> **Exercise directions**:
Exactly and only the lines below from the one containing "管廊整體搭設(shè)棚子,防止鋼結(j" down to the one containing "BY12370# 包边美式工装裤大码女装休闲裤直筒垂感宽松阔腿裤 服裝批發女裝批發服飾貨源" are wanted, both included; please exclude every picture.

> **Given entries**:
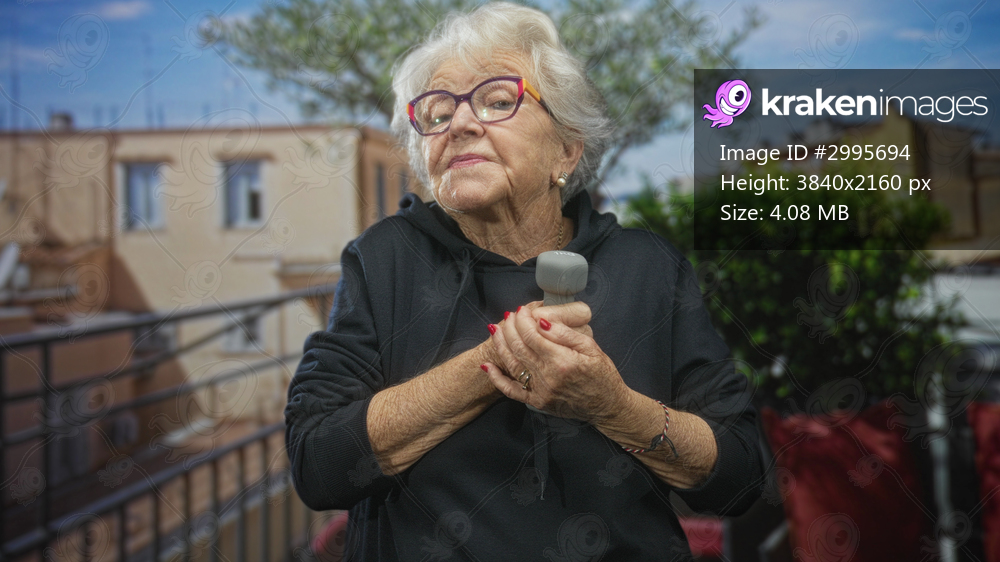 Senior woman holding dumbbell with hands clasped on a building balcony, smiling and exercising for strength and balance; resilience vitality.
---
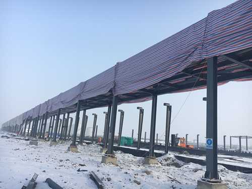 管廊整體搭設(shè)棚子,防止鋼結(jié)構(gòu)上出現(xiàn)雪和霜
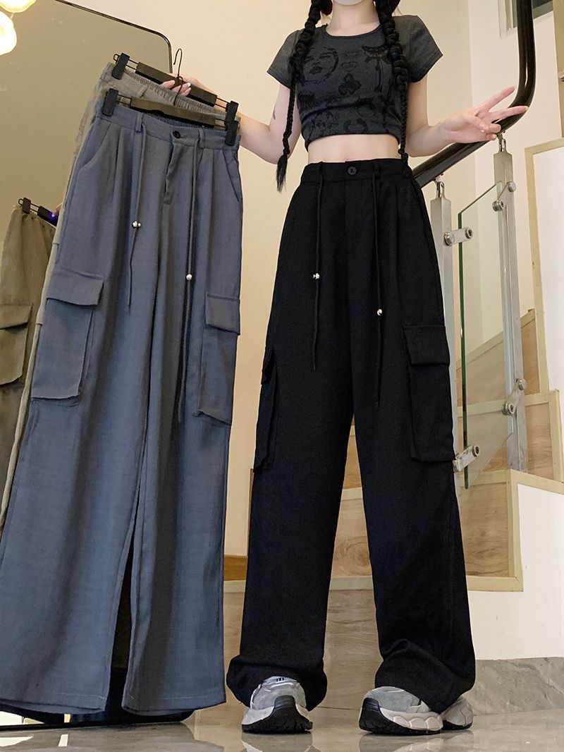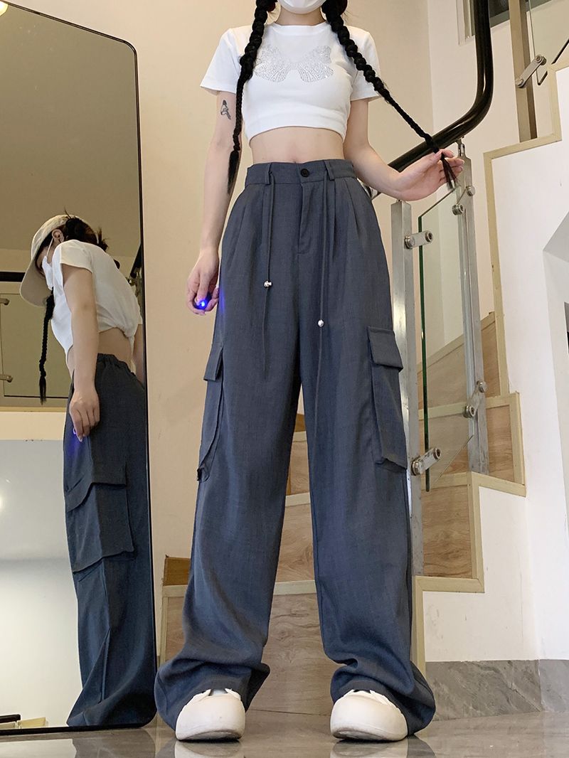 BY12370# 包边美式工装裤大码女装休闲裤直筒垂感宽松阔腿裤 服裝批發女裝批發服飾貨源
...
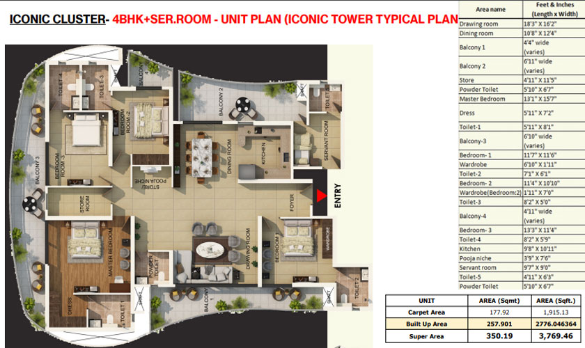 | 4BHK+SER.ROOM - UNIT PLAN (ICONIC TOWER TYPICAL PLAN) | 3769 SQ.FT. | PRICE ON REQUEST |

> **Answer below**:
 管廊整體搭設(shè)棚子,防止鋼結(jié)構(gòu)上出現(xiàn)雪和霜
 BY12370# 包边美式工装裤大码女装休闲裤直筒垂感宽松阔腿裤 服裝批發女裝批發服飾貨源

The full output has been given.